1.30.2009

le morceau



I just realized there is a whole part of me completely out of touch with reality. I feel like Trois Gnossienes - diminished fifths, seconds, and upbeats. It can be so crazy good, this place I always visit subconsciously when I have trouble coping with the pressure that is my reality. I know that sometimes I'm like a five year old, but that's the real, big part of me. I really haven't grown up at all - I still want the same things I have always wanted, I still work toward the goal I always had.

What I need to do is learn to moderate my visits to the Trois Gnossienes of my thoughts. Lately, they have been far too frequent. I haven't been moving forward as far as I'd like.

Woah woah. Before I go, trois affaires. (1) I want to learn French horn. (2) That's why I love Finding Neverland so darn much. And, (3) really, you should hear all Trois Gnossienes. It will change your life.



Photographs by lis
That is the score of the piece I am conducting.

1.25.2009

ma fenêtre

This is the beautiful view from my window at 8 this morning. It gives me little shivers and made me turn on all the yellowest lights in my room. And I think I should be listening to The Swan of Tuonela, reflecting on life. My thoughts didn't clear from their hazy wake up state, but I did make myself a cup of hot chocolate and think about how happy being warm made me.


I only recently saw that snowflakes really do have those distinct crystalline shapes -- and came to the pitiful realization that they are hard to capture in a photograph. No matter where I tried to land a snowflake, each decided he certainly did not want to be seen, and melted straight away. My windowsill was the closest I could get to a still frozen snowflake. Then, I realized that my camera could not do their structures any justice.

I am pleased to report that I felt a new, stronger wave of motivation after my five hour exam yesterday- only to be helped on by my admiration for Federer and his ability to prevail, and André Previn and his passion for artistic interpretation... le soupir.

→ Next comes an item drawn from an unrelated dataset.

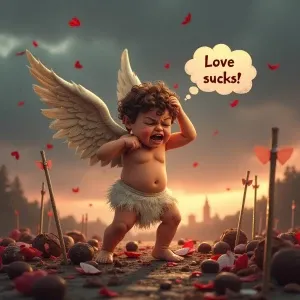 «Create an image depicting a sarcastic anti-Valentine's Day theme...»
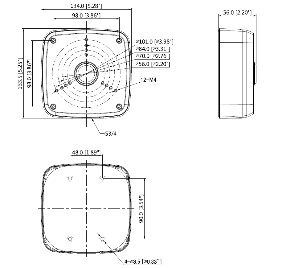 - Maße (L x B x H): 134 mm x 134 mm x 55 mm

I hope - a good week ahead.



Photographs by lis

1.15.2009

beaucoup de charme

it's probably weird, but I am so absolutely drawn to his nonchalance.
it makes me think he is verysi artistique.

actually, no.
this is probably much more weird, because I realize he is like at least 40.
but he is so dapper.

seth cohen (who is > adam brody).

wang lee hom.
wait, seriously. how can this be anything but appealing?

oh, novak.

bryce avary and his talent.




Photographs 1, 2 by The Sartorialist
Photograph 6 found on Flickr

1.12.2009

très (peu familier)

I'd say, for lots of things. Semester, class, age. Mostly though, it was my fifteen minute walk back from physiology that made me contemplate my current situation. I realize that I have always been the one to make the most important decisions in my life, but I feel like I've always had help along the way. It's really come to a point now though, that I have absolutely no one I can completely rely on. I must be the one to entirely earn my future. In that, I somehow feel very alone.

It's basically this. I'm the one person on the inside, looking out. I've locked myself inside to work, and it feels like everyone else finished their homework early so they are already out playing. I know I've chosen this path for myself, but why does my homework have to be so hard and take so long?

Like with everything else, I should just diagnose my problem, and figure out how to fix it. Even after all this time, I just can't pinpoint the problem. Though now I think really hard about it, that's bound to be one of the hardest parts of being a doctor, isn't it?


Photograph by lis

1.08.2009

début

I don't understand. Sad things can seem so beautiful. I know for certain that when I'm as cold and sad inside as the grass buried in ice, I don't feel beautiful.

Only one more day of home, until I have to return to school for another cold, hard semester.

On another note, Rachmaninoff is a complete genius. He knows beauty and turmoil so well. I think I've been listening to his No2 and No3 on repeat for at least two weeks. Rachmaninoff gives me new inspiration every new listen. If I had his physical capacity and intellectual imagination, I could do so much more with music.